AUGUST The Thirtieth
HOW TO DELIGHT IN THE WORD
Psalm 119:97, 98, 99, 100, 101, 102, 103, 104.
A
MAN may measure his growth in grace by his growing delight in the speech
of the Lord. When His words are unwelcome in my ears, when they are an
intrusion which mars my pleasures, it is clear I am still in the far
country of revolt. But if His words make “music in my ears,” if the Lord’s
conversation is the very marrow of the feast, then I have entered into the
circle of His intimate friends. When His words taste sweet, even with a
bare board, I am “in heavenly places with Christ.”
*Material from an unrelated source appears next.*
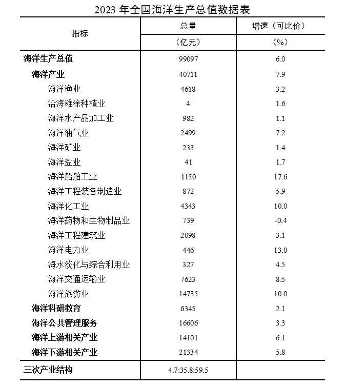 2023年,全国海洋生产总值99097亿元,比上年增长6.0%,增速比国内生产总值高0.8个百分点;占国内生产总值比重为7.9%,比上年增加0.1个百分点。 从三次产业看,海洋第一产业增加值4622亿元,第二产业增加值35506亿元,第三产业增加值58968亿元,分别占海洋生产总值的4.7%、35.8%和59.5%。 从内部结构看,海洋产业增加值为40711亿元,同比增长7.9%;海洋科研教育6345亿元,同比增长2.1%;海洋公共管理服务16606亿元,同比增长3.3%;海洋上游相关产业14101亿元,同比增长6.1%;海洋下游相关产业21334亿元,同比增长5.8%。

And how can I attain unto this spiritual delight? Well, first of all I
must make “His testimonies my meditations.” Our doctors tell us that the
only way to taste the real savour of food is to masticate it well. Bolted
food never unlocks its essences. And meditation is just mental
mastication. To “turn the word over” in my mind will help to disburden its
treasure.
And then I must diligently put the word into practice. “I have not
departed from Thy judgments.” There is nothing like obedience for setting
free a spiritual essence. “The secret of the Lord is with them that fear
Him.”
AUGUST The Thirty-first
THE REAL GAINS AND LOSSES
“Godliness with contentment is great gain.”
—1Timothy 6:6, 7, 8, 9, 10, 11, 12, 13, 14, 15, 16.
AND so I must go into my heart if I would make a true estimate of my gains
and losses. The calculation is not to be made in my bank-books, or as I
stride over my broad acres, or inspect my well-filled barns. These are the
mere outsides of things, and do not enter into the real balance-sheet of
my life. We can no more estimate the success of a life by methods like
these than we can adjudge an oil-painting by the sense of smell.
What is my stock of godliness? That is one of the test questions. What are
my treasures of contentment? What about peace and joy, and hallowed and
blessed carelessness? How much pure laughter rings in my life? How much
bird-music is heard in the chambers of my heart? Is the note of praise to
be found in the streets of my soul? Am I rich in these things or
pathetically poor? “By these things men live,” and therefore of these
things will I make my balance-sheet and reckon up my gains.